The Descent

November 23rd, 2006 Film, Film Reviews, Xpress

Written and Directed by Neil Marshall

Starring Natalie Mendoza, Shauna Macdonald, Alex Reid, Saskia Mulder, Myanna Buring, Nora-Jane Noone

Since the political correctness craze, you haven’t been able to make a movie without someone assigning issues and subtexts to it. 20 years ago The Da Vinci Code would have been just another chase thriller, but after attacks by image conscious interest groups from Opus Dei to competing authors it became one of the hot potatoes of 2006.

Genres that tap into our most subconscious depths such as horror or love stories have attracted similar socio-political debate, and proof that Hollywood is stumbling in the issues-aware 21st century is the cranking out of tired remakes of horror classics. Movie marketers know horror works and they know why, they just don’t seem to be able to replicate it without churning out what’s already been done, complete with a music video director and the publicity party line that it’s a ‘reimagining’.

True movie fans get it. Movie fan directors like Neil Marshall and Peter Jackson sat in their living rooms watching video nasties like Driller Killer, Dawn of the Dead and I Spit on Your Grave in the mid 80s, and they get it.

Horror is its own purpose. That’s why in the 21st century, when a film like Dog Soldiers (Marshall’s latest effort) comes out, fans latch onto it amid the self-referential, too-smart-for-their-own good issues movies that most cinema is concerned with. There’s no secret to it — we want to be scared, and Marshall wants to scare us.

Like Dog Soldiers before it, The Descent is a stripped back scare film with a single, simple concept. A group of adventurer friends go caving. The caves are home to monsters. What more do you need to know?

Inexplicably held back for over a year before release in Australia, The Descent is indeed a scare movie. It comes partly from the short, sharp shocks of a horror movie, and partly from the solidness of an idea. Like Snakes on a Plane tapped into two of our biggest fears, The Descent isn’t only about being chased by carnivorous creatures, but being trapped underground in the cold and dark, an allegory for being dead and buried if ever there was one.

Sarah (Macdonald) and her friends make an annual pilgrimage to the wilds to do something adventurous. Returning from a rafting trip, a tragedy takes her family away from her in an early scene that’s one of the film’s most brutal and shocking.

To help her heal, her friends rally around her to organise the next trip. Led by Juno (Australian actress Mendoza), the daredevil of the bunch, they go caving deep in the soggy forests of Scotland.

When a rockslide traps them underground, there’s no real need for panic despite the danger — they have a map and they’re all experienced.

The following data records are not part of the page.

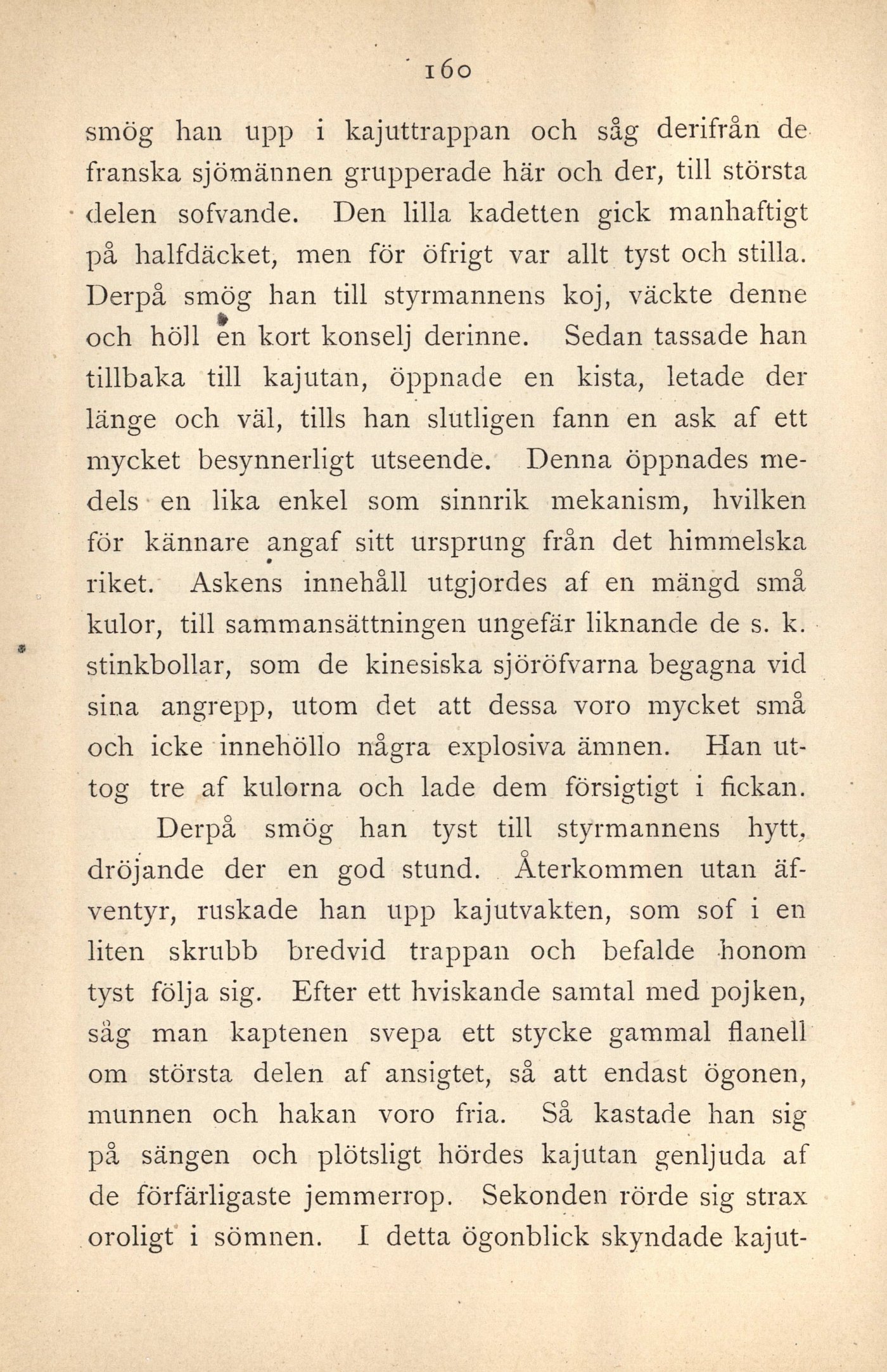 smög han upp i kajuttrappan och såg derifrån de
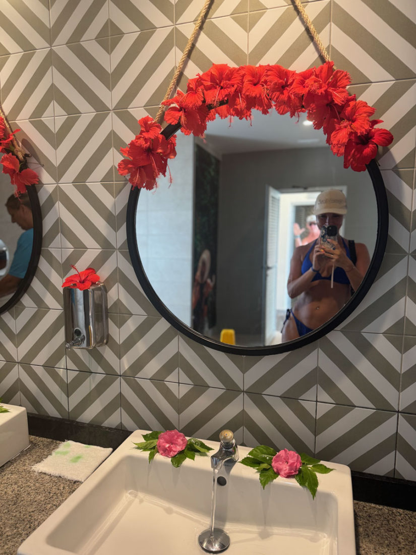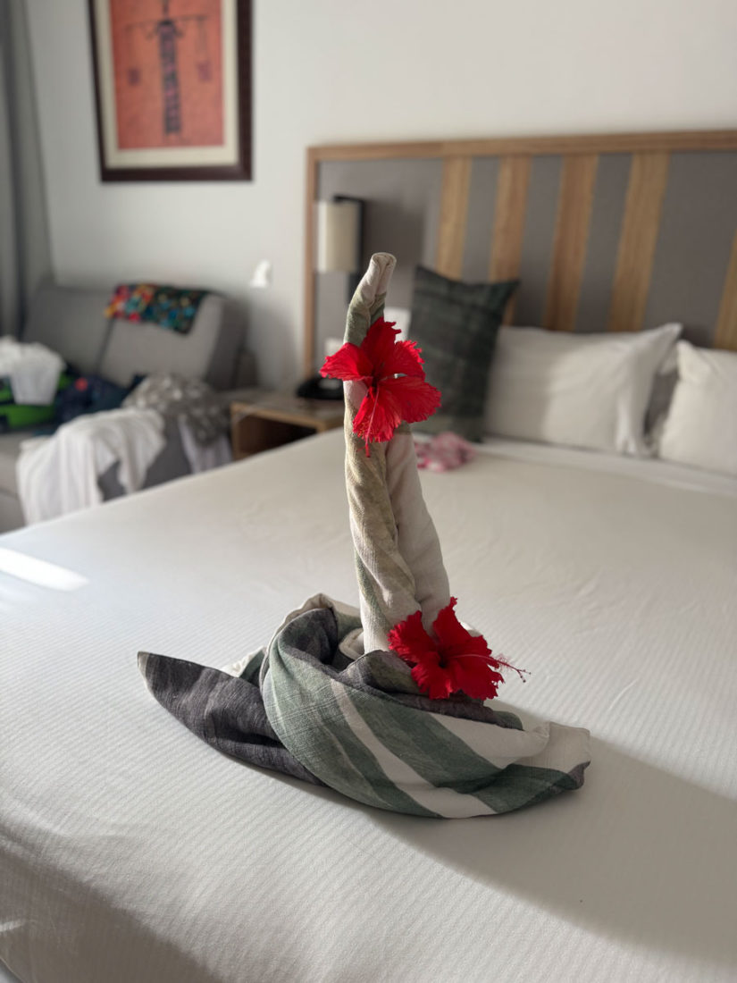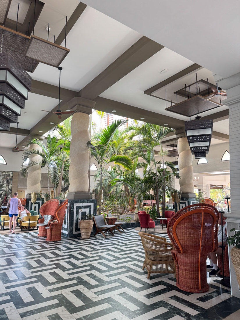 Ponownie wybraliśmy sieć Riu – niezawodny standard, tym razem padło na Riu Karamboa. Na wyspie macie 3 hotele z tej sieci oferowane przez TUI. Ten przykuł nasza uwagę ze względu na najlepsze położenie na wyspie, po tej bezpieczniejszej i jak mówią lokalni ładniejszej stronie. Pierwszy raz wylądowaliśmy w hotelu 18+ i powiem Wam, że był to strzał w 10! Spokój i cisza, zero wrzasków i płaczu, a do tego animacje dedykowane wyłączenie dorosłym przez cały dzień. Kupiliśmy pokój z widokiem na ocean i taki też bardzo polecamy. Dostaliśmy na najwyższym piętrze, a widoki były z niego cudne! W niektórych hotelach tej sieci macie alkohole w pokoju, tak było i w tym i klasycznie w łazience, butelki jak na barze z podajnikami i lodówka uzupełniana cały czas o Cole i inne klasyczne znane oryginalne napoje. Jest to taki bajer, bo mając all inclusive  raczej nie ma potrzeby picia drinków dodatkowo w pokoju.
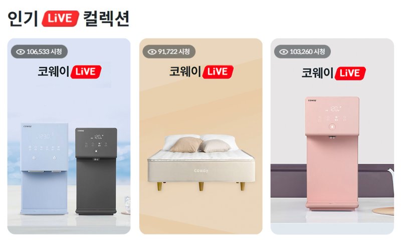 그동안 코웨이 라이브는 △아이콘 정수기2 △에어카트리지 공기청정기 △더블케어 비데 △원바디 매트리스 등 총 26회 방송을 진행했다. 특히 지난해 8월 진행한 아이콘 정수기2 방송에서는 최고 시청 수인 10만뷰를 기록하기도 했다.
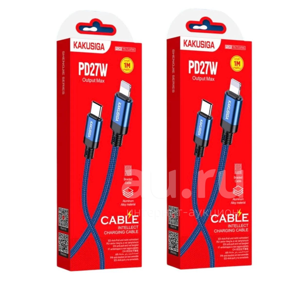 250руб.КАБЕЛЬ KAKUSIGA KSC-970 TYPE-C->LIGHTNING 27W 1m Blue
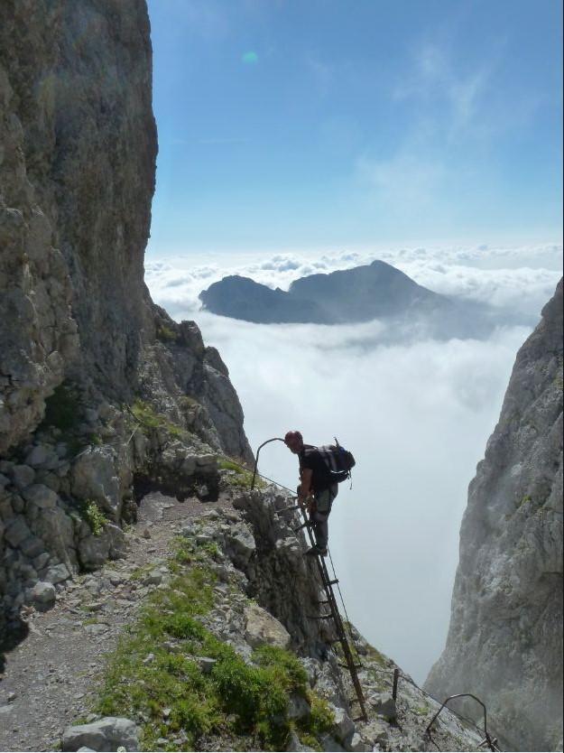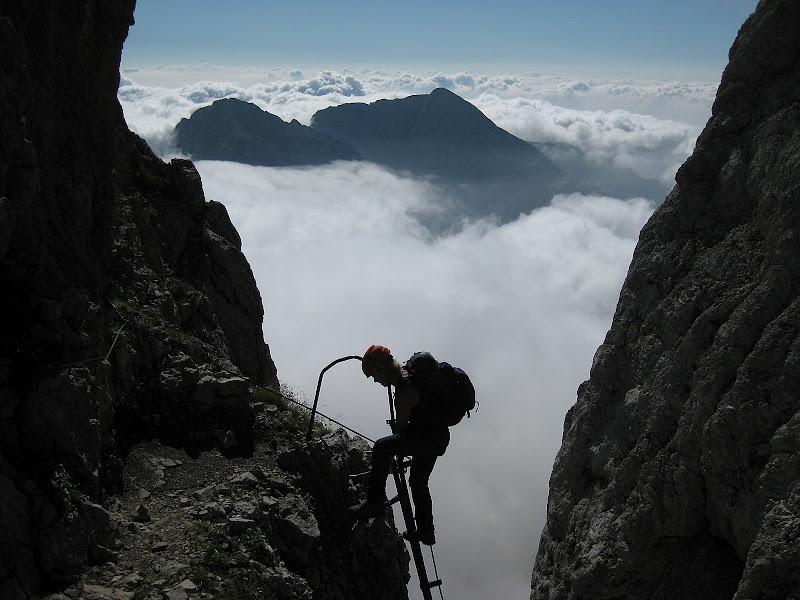 Una prima breve scaletta consente di montare su una cengetta, da dove parte una prima lunga e verticale scala. Dal minuscolo pianerottolo superiore inizia una seconda scala, espostissima e che butta un po’ all’infuori, che permette di raggiungere una cengia orizzontale. Aggirato uno speroncino, si riprende la sequenza di scalette, che fanno guadagnare un’altra cengia orizzontale: grazie anche ad un ponticello di legno, si supera un’interruzione della cengia, per poi riprendere la serie di scale. Si esce in alto in una specie di opprimente canale , che si risale sulla destra fino a che non è sbarrato da una fascia strapiombante. Sulla destra un’altra scaletta (con i primi metri un po’ strapiombanti) supera un primo salto, poi altre due scalette, sempre più appoggiate, conducono all’ultima cengia orizzontale che, seguita verso sinistra, porta allo strettissimo intaglio della Bocchetta dei Due Denti (2859 m, h 1,30).
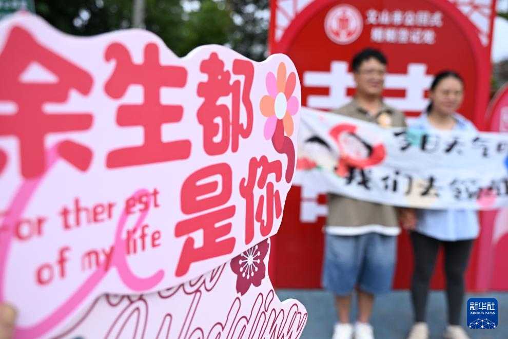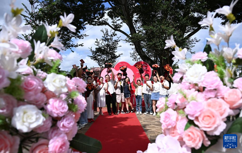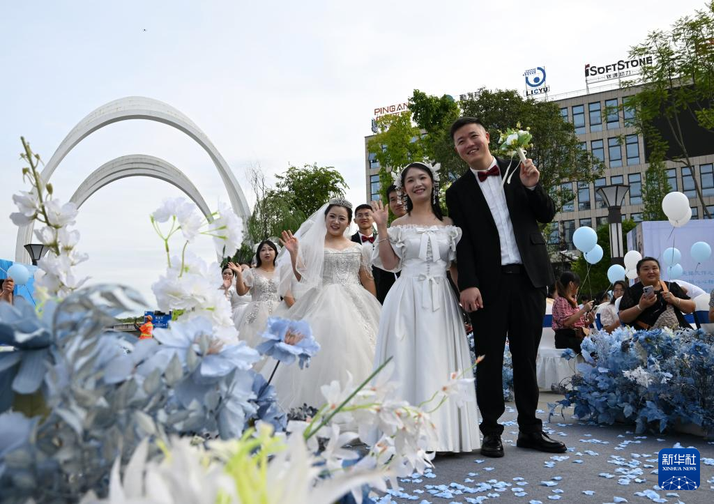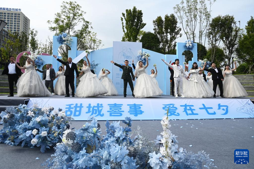 8月29日,新人们在四川省内江市东兴区甜蜜公园参加“甜城喜事 爱在七夕”集体婚礼。
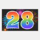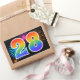 Este divertido y vibrante diseño de pegatinas presenta un colorido patrón inspirado en fuegos artificiales de celebración, junto con el número "28" que tiene un patrón de gradiente multicolor como un arcoíris, sobre un fondo de color negro. Las pegatinas como esta podrían ser utilizadas en una fiesta para celebrar el vigésimo octavo cumpleaños de alguien, o quizás para el vigésimo octavo aniversario de bodas de una pareja, u otro evento número 28.
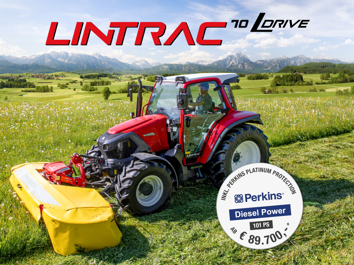 Ein weiterer Fixpunkt im Innovationszentrum ist der stufenlose Lintrac 70 LDrive, der ab € 89.700,- (inkl. USt) als Perkins Power Modell erhältlich ist. Mit der Perkins Platinum Protection (PPP) kann man sich vier Jahre vor unerwarteten Reparaturkosten schützen – das gilt für Motorkomponenten (z. B. Turbolader) und drehende Elektrobauteile (z. B. Starter, Lichtmaschine). Wird der leicht zu bedienende Einsteigertraktor vor Ablauf der PPP verkauft, kann sie problemlos auf den neuen Besitzer übertragen werden.
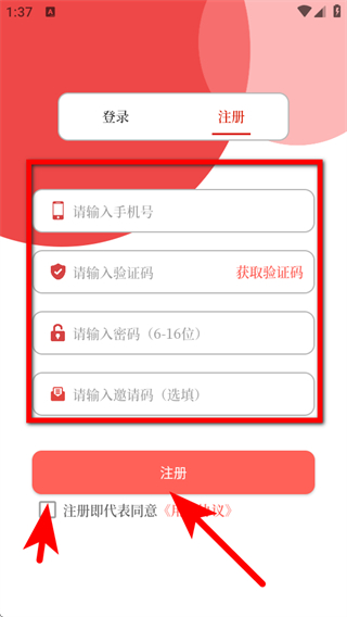 4、依次輸入信息,勾選同意協(xié)議后點擊注冊按鈕,即可完成云上開封app注冊。
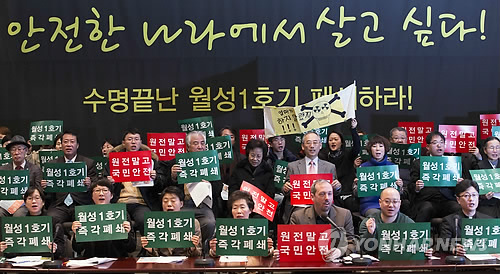 경주핵안전연대와 원전 주변지역 주민 등은 경북 경주시청 브리핑룸에서 연 기자회견에서 "일본 후쿠시마에서 폭발사고를 일으킨 원전이 모두 30년 지난 노후 원전임을 결코 잊어서는 안 된다"며 월성 1호기 수명연장 중단을 촉구했다.

Then Juno drops the first bombshell. Earlier on we’ve seen her leave the map in the car and wondered what sinister business she was up to. It turns out to be a well intentioned but tragic idea to cheer Sarah up; she’s led them into an unexplored cave that has no map, intending for the group to name it in Sarah’s honour.

If that’s not bad enough, something’s in there with them, and when they find themselves in a chamber strewn with human bones, the fact they aren’t actually the discoverers of the cave system is the least of their worries.

The reveal of the creature is done in classic horror movie fashion, and from that moment on you’ll be gripped in Marshall’s whirlwind of terror. The creatures, which he describes as ‘cavemen who never left the caves’ are humanoid in stature but batlike in their abilities to find prey and move over rocks, and with only a few climbing picks and ropes between them and their numbers quickly depleting, the girls don’t have much hope.

As Marshall wanted, it’s effective as a return to horror films for its own sake. You can read whatever you want into the fact that the heroes are all female, and you can draw Freudian conclusions about the damp, dark confines representing a return to the womb if you want, but it’s scary. What the hell else do you want from a horror movie?